TASK ITEM:
An exact copy of every record, with no pictures, please.

Entries taken from a collection:
[Start of Attachment]

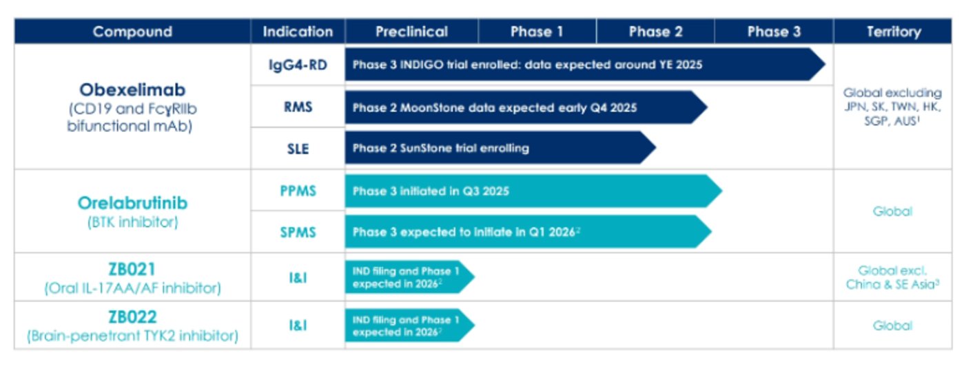 Zenas当前管线中,有一款处于临床Ⅲ期的双功能单克隆抗体Obexelimab,于9月获得英国上市公司Royalty Pharma 3亿美元新药融资,其中首付款7500万美元用于资助Obexelimab治疗IgG4相关性疾病在美国潜在的商业上市,另1.5亿美元与该药物INDIGO三期试验成果及FDA批准相关。在战略布局上,Obexelimab能与奥布替尼在自身免疫疾病领域形成管线互补。
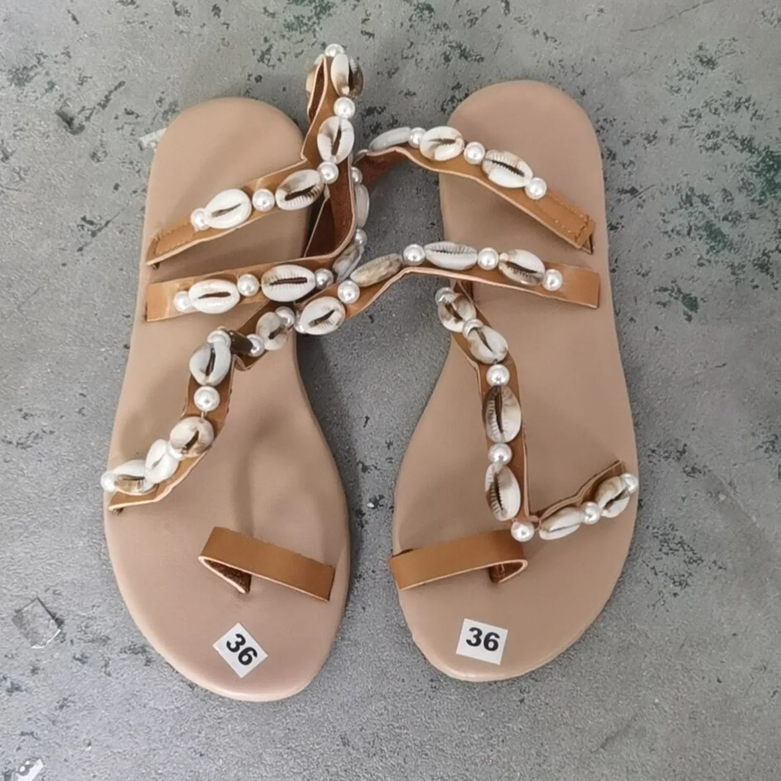 Сандалии SAGACE Женские повседневные, плоские шлепанцы с ракушками и жемчугом, летняя обувь, повседневные туфли на плоской подошве
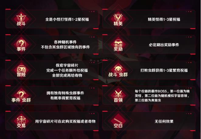 我们的行走的路线首先奖励区域,如果可能,也可以尝试复制奖励区域。在宇宙碎片富足的时候,可以将交易区域规划到接下来的路线里。非毁灭命途来说,精英区域的收益并不比战斗区域高太多,甚至精英区域只给一个祝福,而战斗区域能给两个甚至三个祝福。大部分事件都是有风险的,事件区域可选但一定不是最优选。冒险区域的话一般视作100宇宙碎片+一个祝福,收益高于常规战斗区域。
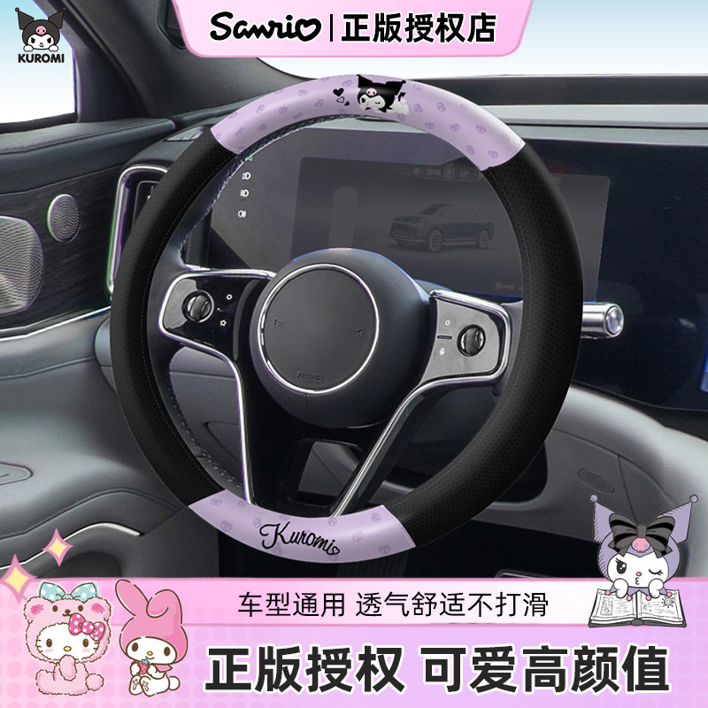 库洛米卡通汽车方向盘套2026新款四季通用D型把套女可爱防滑透气
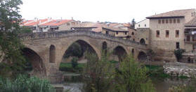 Nachdem Sie in der Klosterherberge mit Chorälen geweckt worden sind, passieren Sie bald im Wald ein uraltes Pilgerkreuz und es geht auf angenehmen Wegen hinunter nach Burguete (bask.: Auritz) und weiter über Espinal (bask.: Aurizbem), Bizkarreta-Gerendiain nach Lintzoain, wo dann der Aufstieg zum Erro-Pass (801 m) beginnt. Danach geht es auf steinigen Wegen teilweise steil bergab und wir kommen nach Zubiri (bask.: Esteribar) auf 526 m, wo eine alte Steinbrücke (Puente de la Rabia) den Rio Arga (ein Nebenfluss des Ebro) überquert. Dieser Fluß wird uns jetzt eine Weile begleiten und über die Dörfer Larrasoaña, Zuriáin, Iroz und Zabaldica kommen wir nach Villava (bask.: Atarrabia), wo eine Brücke beim Kloster Trinidad de Arre (mit schöner Pilgerherberge) wieder den Rio Arga überquert. Villava hat 10.000 Einwohner und wir befinden uns jetzt schon im Großraum Pamplona. Über den sich nahtlos anschliesenden Vorort Burlada sind wir bald in Pamplona und betreten die Stadt über die mittelalterliche Pilgerbücke "Puente Magdalena", die den Rio Arga überquert.
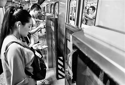 北青報(bào)記者在半個(gè)小時(shí)的時(shí)間內(nèi)觀察,乘客都在屏蔽門前較為有序地候車,沒有發(fā)生搶上搶下行為。
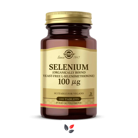 Solgar Selenium 100 mcg, her tablette 100 mcg selenyum içeren bir takviye edici gıdadır. Selenyum, bağışıklık sisteminin normal fonksiyonuna, normal tiroit fonksiyonuna ve normal saç ile tırnakların korunmasına katkıda bulunur. Ürün, şeker, tuz, nişasta, maya, buğday, glüten, soya ve süt ürünleri gibi potansiyel alerjenleri içermez. Ayrıca yapay aroma, renklendirici, tatlandırıcı ve koruyucular kullanılmamıştır. Vegan ve vejetaryen bireylerin kullanımına uygundur.

[End of Attachment]

RESPONSE TO THIS TASK:
 Zenas当前管线中,有一款处于临床Ⅲ期的双功能单克隆抗体Obexelimab,于9月获得英国上市公司Royalty Pharma 3亿美元新药融资,其中首付款7500万美元用于资助Obexelimab治疗IgG4相关性疾病在美国潜在的商业上市,另1.5亿美元与该药物INDIGO三期试验成果及FDA批准相关。在战略布局上,Obexelimab能与奥布替尼在自身免疫疾病领域形成管线互补。
 Сандалии SAGACE Женские повседневные, плоские шлепанцы с ракушками и жемчугом, летняя обувь, повседневные туфли на плоской подошве
 我们的行走的路线首先奖励区域,如果可能,也可以尝试复制奖励区域。在宇宙碎片富足的时候,可以将交易区域规划到接下来的路线里。非毁灭命途来说,精英区域的收益并不比战斗区域高太多,甚至精英区域只给一个祝福,而战斗区域能给两个甚至三个祝福。大部分事件都是有风险的,事件区域可选但一定不是最优选。冒险区域的话一般视作100宇宙碎片+一个祝福,收益高于常规战斗区域。
 库洛米卡通汽车方向盘套2026新款四季通用D型把套女可爱防滑透气
 Nachdem Sie in der Klosterherberge mit Chorälen geweckt worden sind, passieren Sie bald im Wald ein uraltes Pilgerkreuz und es geht auf angenehmen Wegen hinunter nach Burguete (bask.: Auritz) und weiter über Espinal (bask.: Aurizbem), Bizkarreta-Gerendiain nach Lintzoain, wo dann der Aufstieg zum Erro-Pass (801 m) beginnt. Danach geht es auf steinigen Wegen teilweise steil bergab und wir kommen nach Zubiri (bask.: Esteribar) auf 526 m, wo eine alte Steinbrücke (Puente de la Rabia) den Rio Arga (ein Nebenfluss des Ebro) überquert. Dieser Fluß wird uns jetzt eine Weile begleiten und über die Dörfer Larrasoaña, Zuriáin, Iroz und Zabaldica kommen wir nach Villava (bask.: Atarrabia), wo eine Brücke beim Kloster Trinidad de Arre (mit schöner Pilgerherberge) wieder den Rio Arga überquert. Villava hat 10.000 Einwohner und wir befinden uns jetzt schon im Großraum Pamplona. Über den sich nahtlos anschliesenden Vorort Burlada sind wir bald in Pamplona und betreten die Stadt über die mittelalterliche Pilgerbücke "Puente Magdalena", die den Rio Arga überquert.
 北青報(bào)記者在半個(gè)小時(shí)的時(shí)間內(nèi)觀察,乘客都在屏蔽門前較為有序地候車,沒有發(fā)生搶上搶下行為。
 Solgar Selenium 100 mcg, her tablette 100 mcg selenyum içeren bir takviye edici gıdadır. Selenyum, bağışıklık sisteminin normal fonksiyonuna, normal tiroit fonksiyonuna ve normal saç ile tırnakların korunmasına katkıda bulunur. Ürün, şeker, tuz, nişasta, maya, buğday, glüten, soya ve süt ürünleri gibi potansiyel alerjenleri içermez. Ayrıca yapay aroma, renklendirici, tatlandırıcı ve koruyucular kullanılmamıştır. Vegan ve vejetaryen bireylerin kullanımına uygundur.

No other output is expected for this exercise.